While the success of Hugh Howey–top-selling book sales, movie deal, major print-only contracts–has garnered increasing media attention, those who still wish to denigrate self-publishing are quick to say, “But he’s special! He’s an outlier! One success doesn’t mean anyone else can succeed!”*
Howey takes that on himself here, and it is a marvelous piece.
I didn’t step into self-publishing with the expectation of becoming the next multi-million dollar success. I wanted people to read what I wrote. I wanted to earn a little money from doing what I enjoy. Self-publishing was the way to do it.

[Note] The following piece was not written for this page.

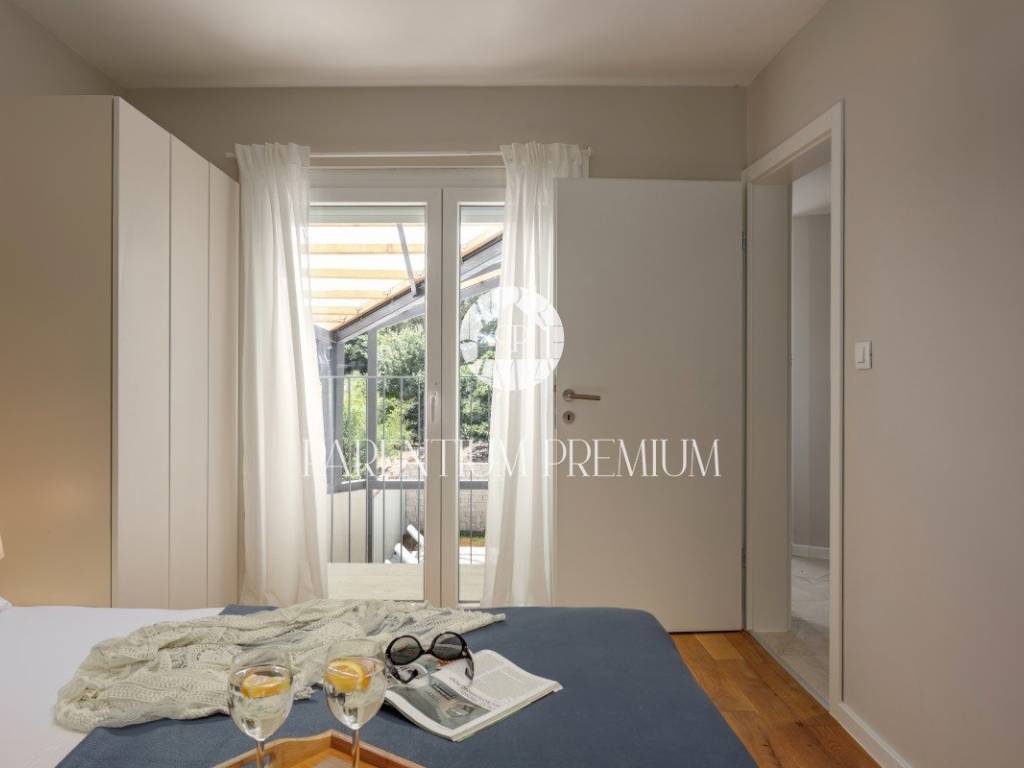Kuća je opremljena modernim klima uređajima koji omogućuju ugodnu temperaturu tijekom cijele godine. Izgrađena je s pažljivim odabirom visokokvalitetnih materijala i uređena je u modernom stilu.

I don’t have to worry about whether my publisher will follow through on commitments, keep the work in print, contract with shell companies in order to reduce my royalties to pennies, or sell the right to publish my work to another company as part of a bankruptcy deal.
I’d rather everything be all my fault. Fail or succeed–it’s all my fault. Self-responsibility produces less anxiety than lack of control, and far less than learned helplessness.
*This is a variant of the snobbish, “Who do you think you are?” which is more often a finger-pointing way of saying, “Don’t you know who I am?”
It amazes me to see some of the negativity towards self-publishers out there. Almost all if it is unsubstantiated and probably based off of one bad $0.99 purchase.
Oh, there is plenty of dreck out there, and I can completely understand the rejection of poor quality self-published material. But that confuses the content with the means of delivery. Bad writing is bad writing. Good storytelling is good storytelling. The method of publication doesn’t change that. But the method changes the level of participation and reward of the writer.
So I can understand the negativity directed toward really bad writing. What I don’t understand is rejection of the delivery method.